Moderator Shadbolt drew attention to a related issue—the impetus provided by emergency situations to collect and centralize data streams. When the emergency abates, the impetus disappears, and data collection can dwindle. Levenstein agreed that the COVID-19 pandemic greatly increased data sharing. But “when South Africa very quickly shared its data when they found omicron there, the response of the international community was to ban people from South Africa from traveling around the world! If we want people to share data, we have to be ethically responsible in how we manage that.” When data are being used for high-level political decisions, or when
organizations are monetizing their access to data, questions arise about who has a voice in those decisions. “It is about control, and it is about access to resources.”

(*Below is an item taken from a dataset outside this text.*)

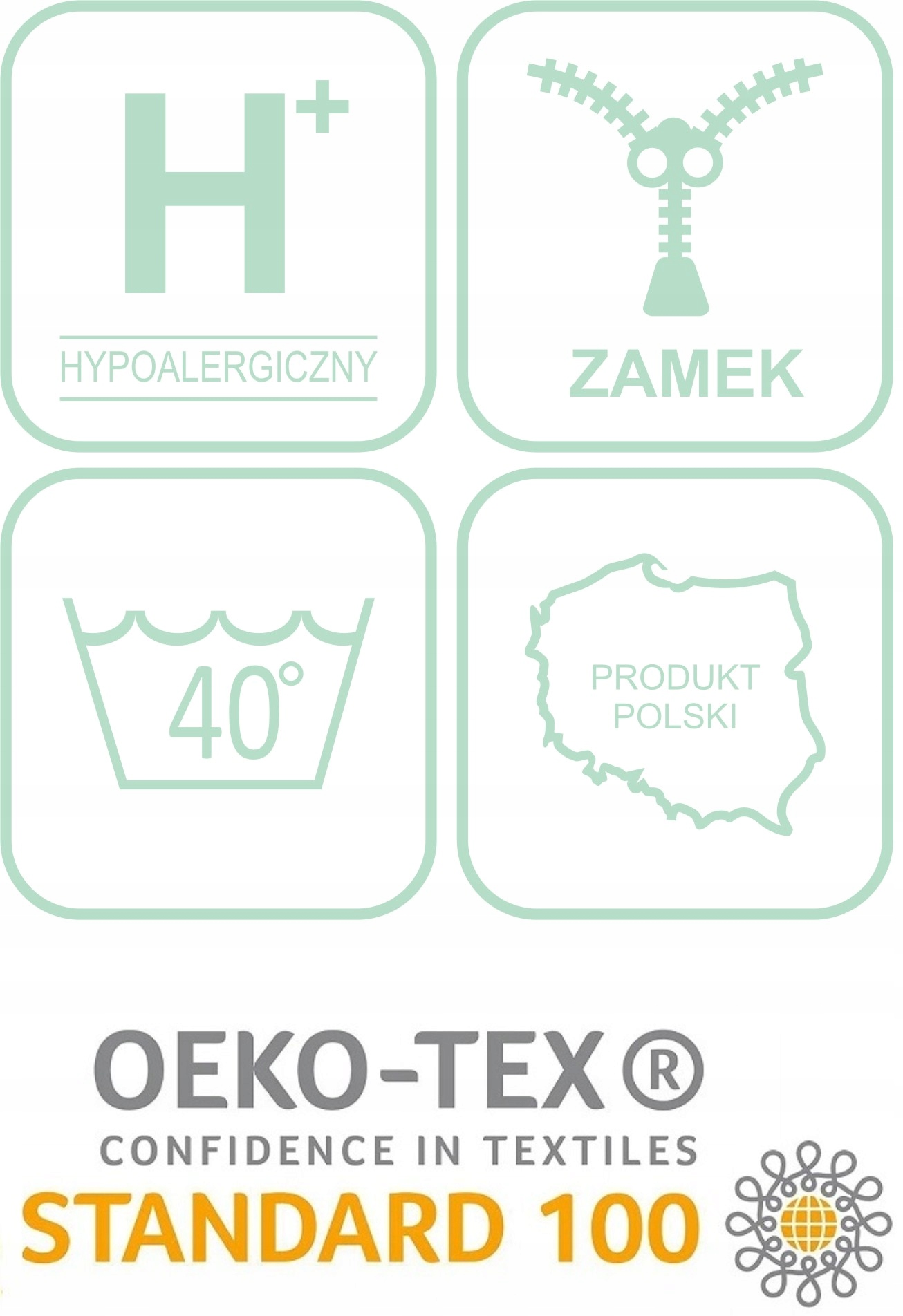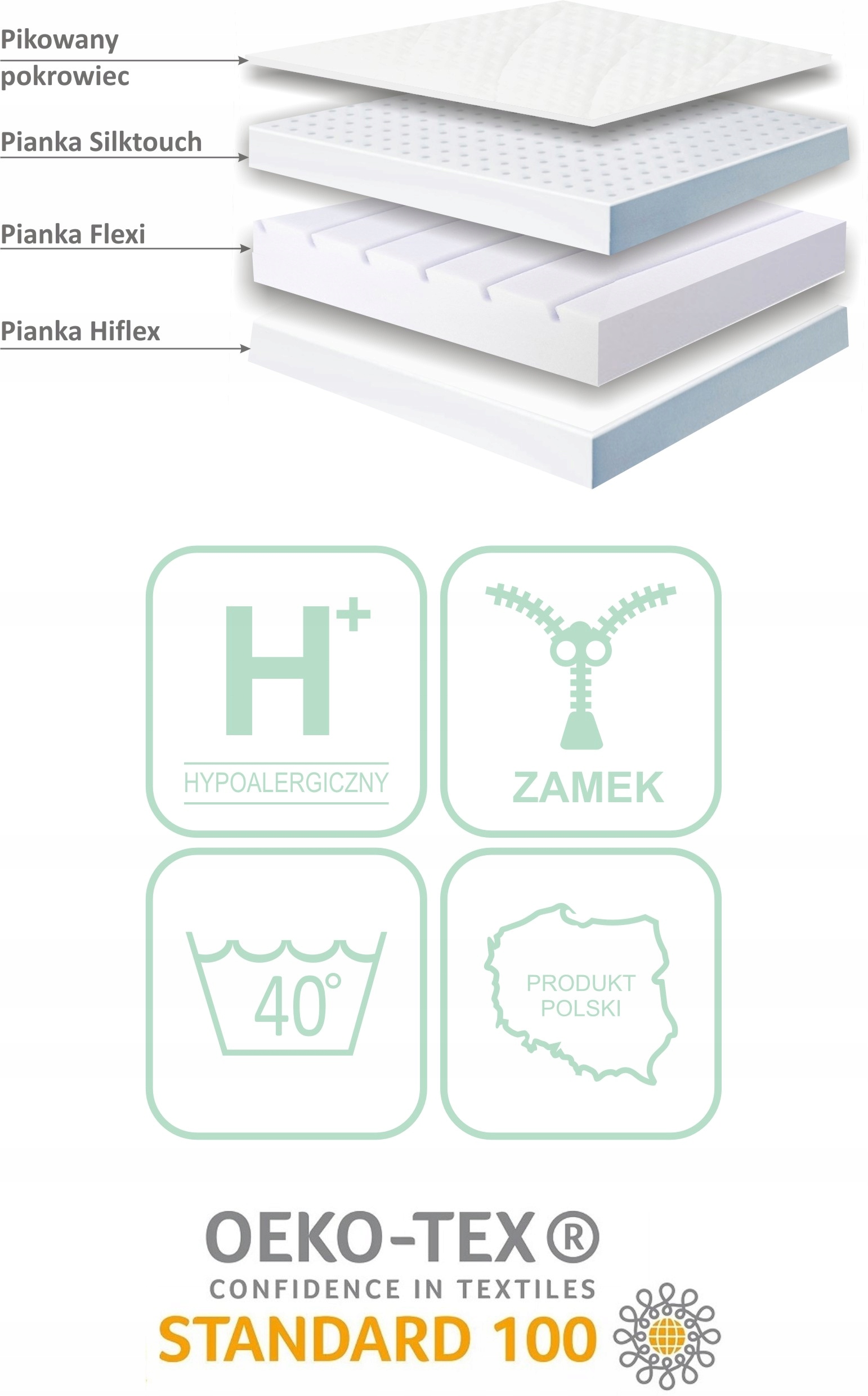 Wysokiej jakości pokrowiec, wykonany z hypoalergicznej dzianiny o gramaturze 230g/m2. Jest delikatna i przez to przyjazna dla skóry, szczególnie wrażliwej, która wymaga wyjątkowego podejścia. Dodatkowo potwierdzone jest, że nie powoduje podrażnień oraz w znacznym stopniu zapobiega powstawaniu i rozwojowi bakterii na skórze. Produkt posiada certyfikat Tekstylia Godne Zaufania “Oeko-Tex standard 100”. Posiada zamek, który umożliwia proste i szybkie założenie bądź zdjęcie pokrowca z materaca. Pokrowiec absolutnie nie traci swoich właściwości w praniu, dlatego zaleca się regularne pranie pokrowca zgodnie ze wskazówkami umieszczonymi na metce.

The discussion then turned to the long-term sustainability plans for data resources if funding or other support for those resources is withdrawn. Levenstein observed that ICPSR is part of a coalition of social science data repositories that have made a commitment to preserve each other’s data if an organization were to fail. Because the metadata of the different organizations have not been standardized, taking over another repository’s data would require a lot of work, “but there is a commitment among all those organizations to do that.” ICPSR also keeps copies of its data in five different locations around the United States to ensure physical sustainability, and it hosts a repository for at-risk government data resources to make sure that they do not disappear.
Kim reiterated that Data.gov is a metadata catalog of assets that are held by many federal agencies, but the data are hosted at the agencies. Also, the amount of money needed to run Data.gov is relatively small, and the inclusion of the effort in statute makes its continued funding more secure.
Moderator Shadbolt specifically addressed the issue of relying on universities as long-term repositories of data, noting that data management resourcing within universities can be “quite fragile and ephemeral.” When a university makes a commitment to maintain a data resource, that commitment needs to be “thought about pretty hard.”
On this point, Goins noted that many universities do not meet the CoreTrustSeal certification. Funding of data repositories from individual projects “is not a long-term view, and we’re in the long-term game so that we can have quality data for our children and our children’s children.” Universities are part of the solution, but governments also must come into play in preserving important data, she said.
Finally, a question was asked about the need to vet researchers and their proposals while facilitating access to data. Levenstein noted that ICPSR actively vetted researchers for access to restricted data, but this is more difficult to do in universities. That has caused problems in the past where sensitive data are included in institutional repositories. In Europe, the General Data Protection Regulation requires that data controllers have legal responsibility for vetting processes, but this has not had a big impact on data sharing in European social science repositories, according to Levenstein, because of the exemptions for research in the legislation.
How do we ensure that data institutions are sustainable?
What are the lessons for data institutions when mobilizing data and making them available for researchers in crisis-management contexts such as the pandemic or climate change?